__Information supplied__
++++++

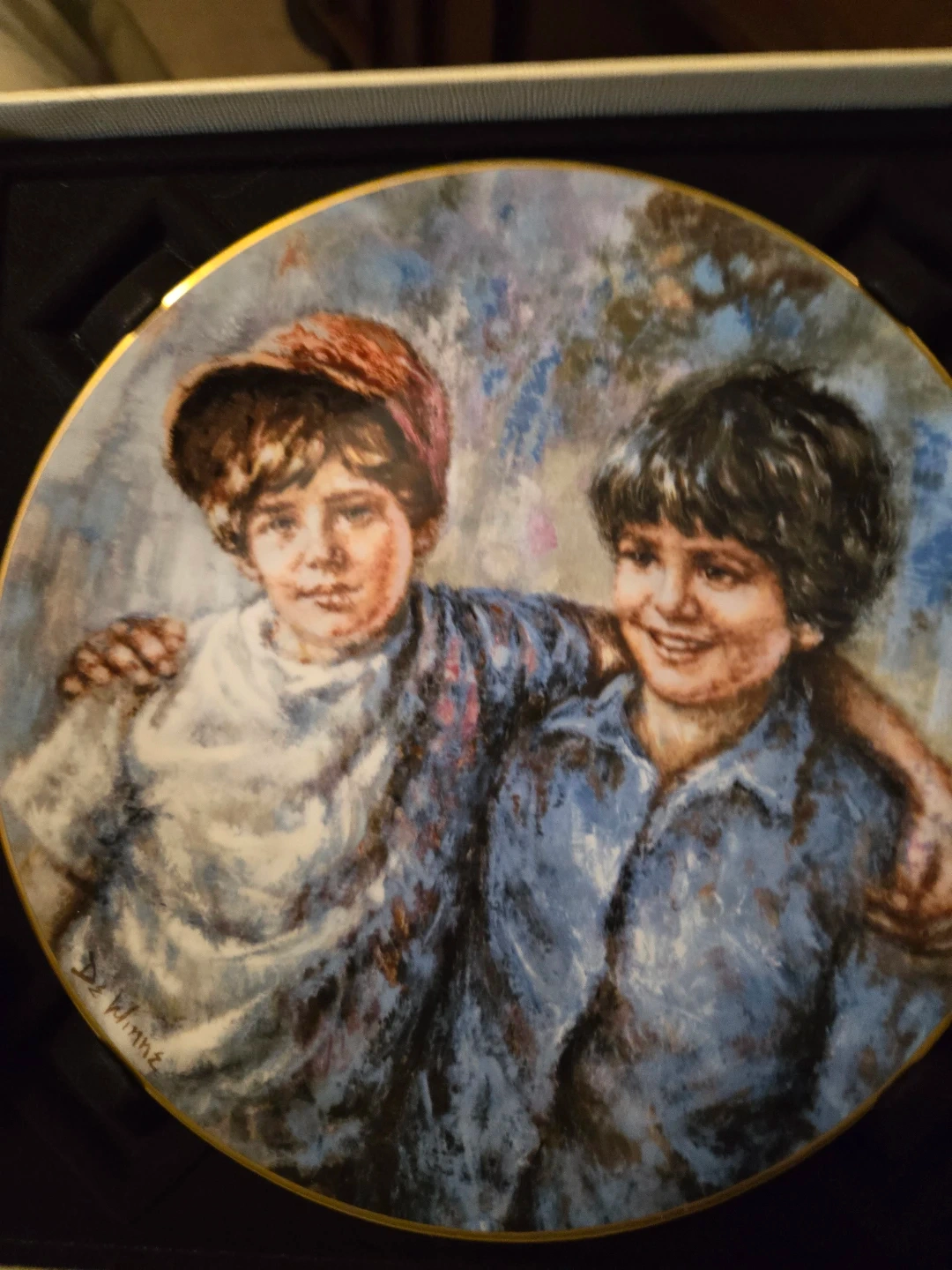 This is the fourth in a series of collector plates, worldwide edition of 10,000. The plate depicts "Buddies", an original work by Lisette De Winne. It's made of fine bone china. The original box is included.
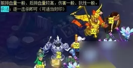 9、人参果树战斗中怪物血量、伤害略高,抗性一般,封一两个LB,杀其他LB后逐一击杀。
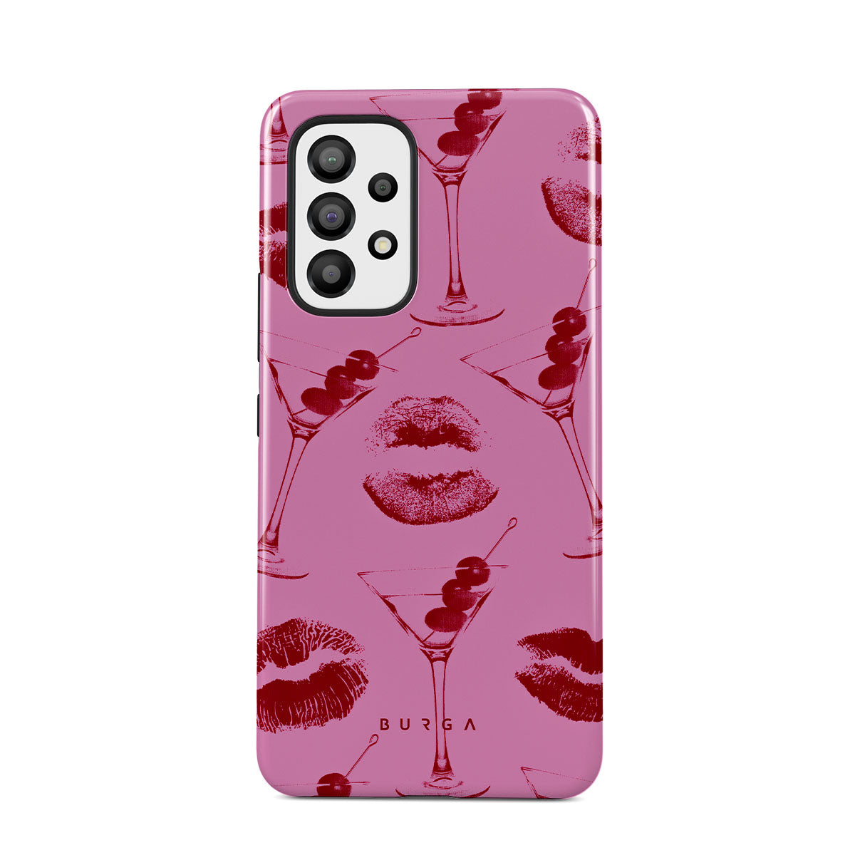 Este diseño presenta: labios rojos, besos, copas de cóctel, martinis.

++++++

__Problem to solve__
To complete the exercise, return the listing above exactly and omit its pictures.

__Task result__
 This is the fourth in a series of collector plates, worldwide edition of 10,000. The plate depicts "Buddies", an original work by Lisette De Winne. It's made of fine bone china. The original box is included.
 9、人参果树战斗中怪物血量、伤害略高,抗性一般,封一两个LB,杀其他LB后逐一击杀。
 Este diseño presenta: labios rojos, besos, copas de cóctel, martinis.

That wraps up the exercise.